Nesta segunda-feira (19), o Ministério da Educação apresentou os resultados da primeira edição do Exame Nacional de Avaliação da Formação Médica (Enamed), que analisou 351 cursos de medicina em todo o país. Cerca de 30% deles, totalizando 99 instituições do Sistema Federal de Ensino, registraram desempenho insatisfatório, com menos de 60% dos estudantes concluintes considerados proficientes, e agora enfrentarão supervisão com medidas cautelares escalonadas.
O Enamed, criado em abril de 2025 como adaptação do Enade especificamente para concluintes de medicina, é obrigatório e serve para avaliar a qualidade da formação profissional. Seus resultados individuais já foram divulgados em 12 de dezembro de 2025 e podem ser usados por estudantes para acessar programas de residência médica unificada pelo MEC, via Exame Nacional de Residência (Enare), organizado pela Ebserh. Ao todo, 89.024 participantes se inscreveram, incluindo 39.258 concluintes, dos quais 67% atingiram proficiência.
Os melhores desempenhos vieram das instituições públicas: federais, com 83,1% de proficiência entre 6.502 estudantes, e estaduais, com 86,6% entre 2.402 inscritos. Em contraste, as redes municipal (49,7% de proficiência entre 944 concluintes) e privada com fins lucrativos (57,2% entre 15.409 estudantes) tiveram os piores índices. Das 351 instituições avaliadas, 24 obtiveram conceito 1 (até 39,9% proficientes), 83 conceito 2 (40% a 59,9%), enquanto 243 alcançaram faixas satisfatórias (3 a 5).
Para os 99 cursos insatisfatórios do sistema federal – que exclui públicas estaduais, distritais e municipais, supervisionadas localmente –, o MEC adotará sanções proporcionais ao risco ao interesse público.

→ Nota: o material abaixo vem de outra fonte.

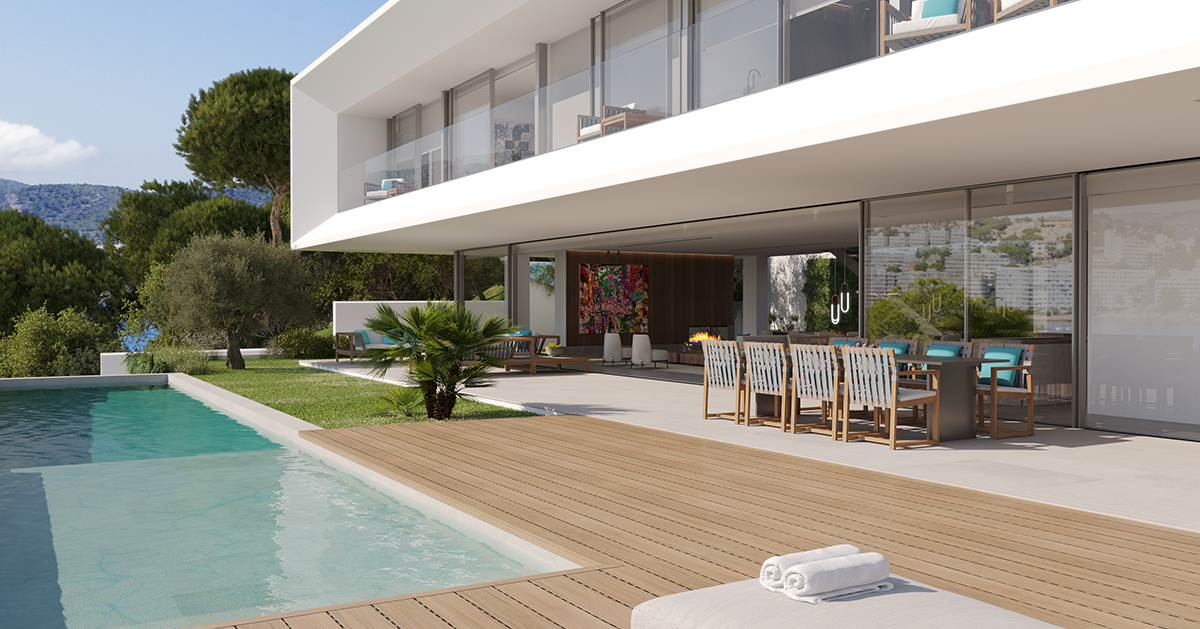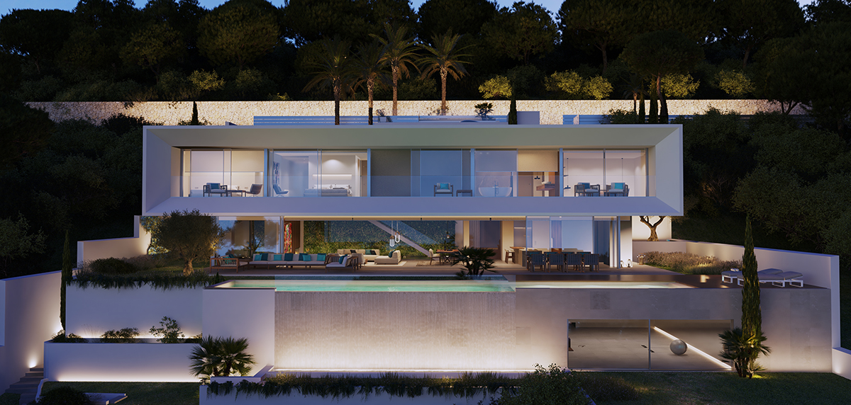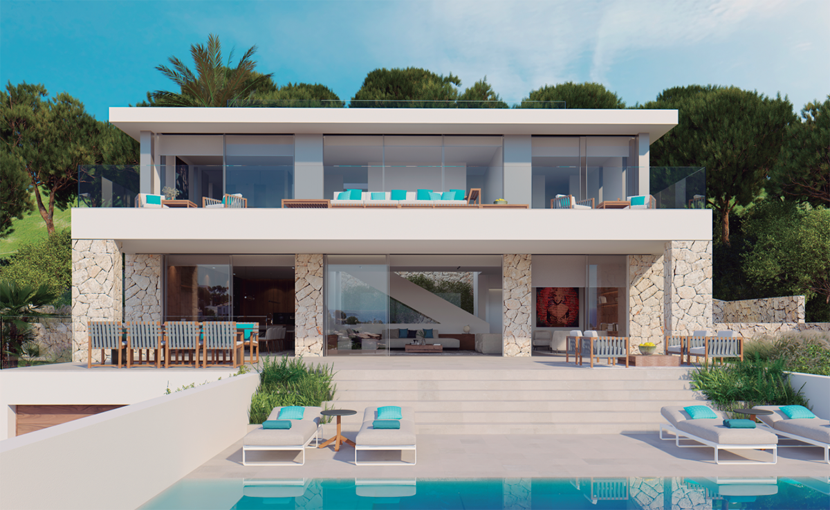 Preciosa y moderna propiedad mediterránea en venta en Santa Ponsa con vistas al mar, amplio jardín y piscina.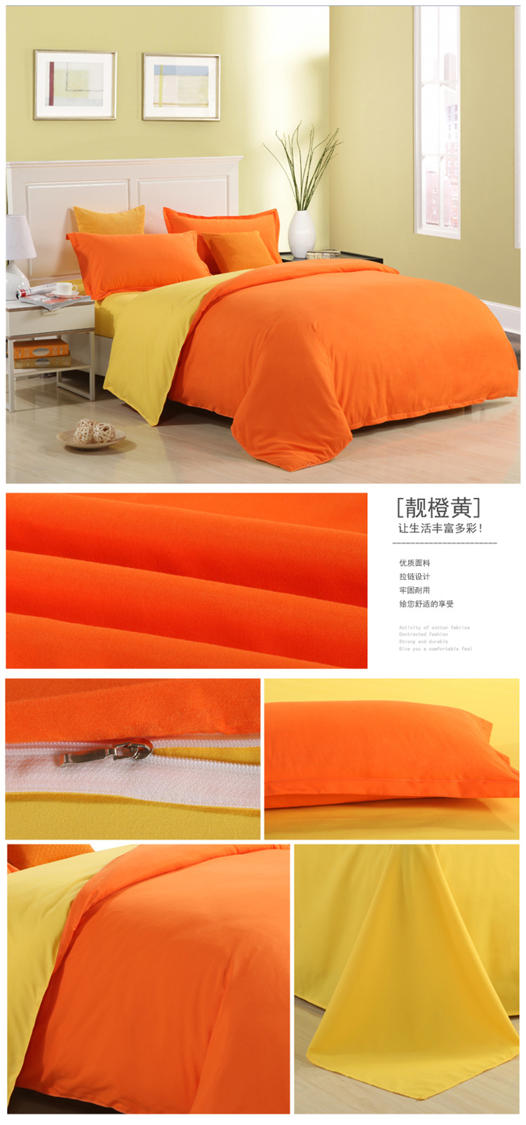 商品名称:贝拉梦 全活性芦荟棉纯色双拼四件套 靓橙黄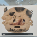 Mit originalen Schlachteutensilien wie Glocke, Seilen und Koben sowie leckerer Wurstsuppe wurde echtes Schlachtfest-Feeling geschaffen. Frisch Geschlachtetes kam von der Fleischerei Hellmund aus Großbrüchter.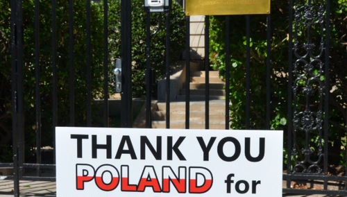 Nietypowy baner zawisł na polskiej ambasadzie w USA. Za co Amerykanie dziękują Polakom?

Cursos com conceito 1 (oito no total) enfrentarão suspensão total de ingresso de novos alunos; os 13 com proficiência entre 30% e 40% terão redução de 50% nas vagas; os 33 com 40% a 50% sofrerão corte de 25%; e os demais ficarão proibidos de expandir vagas. Todas as sanções incluem suspensão de participação no Fies e outros programas federais, com vigência até outubro de 2026, data da próxima edição do Enamed.
Após publicação no Diário Oficial da União, essas instituições terão 30 dias para apresentar defesa antes da aplicação das medidas. O ministro Camilo Santana destacou que o exame visa garantir infraestrutura, monitoria, laboratórios e professores qualificados, especialmente em cursos pagos, promovendo melhorias contínuas na formação médica brasileira.
Entre os cursos listados para supervisão, predomina a rede Estácio, com unidades em diversos estados, como Centro Universitário Estácio de São Paulo (SP), Estácio de Belo Horizonte (MG), Estácio do Pará (PA), Estácio do Amazonas (Manaus), além de outros como Centro Universitário do Pantanal (Cáceres-MT), Universidade Estácio de Sá (Angra dos Reis-RJ), Faculdade Metropolitana (Porto Velho-RO), Centro Universitário Alfredo Nasser (Aparecida de Goiânia-GO) e Faculdades de Dracena (SP). A lista completa está disponível no site do MEC.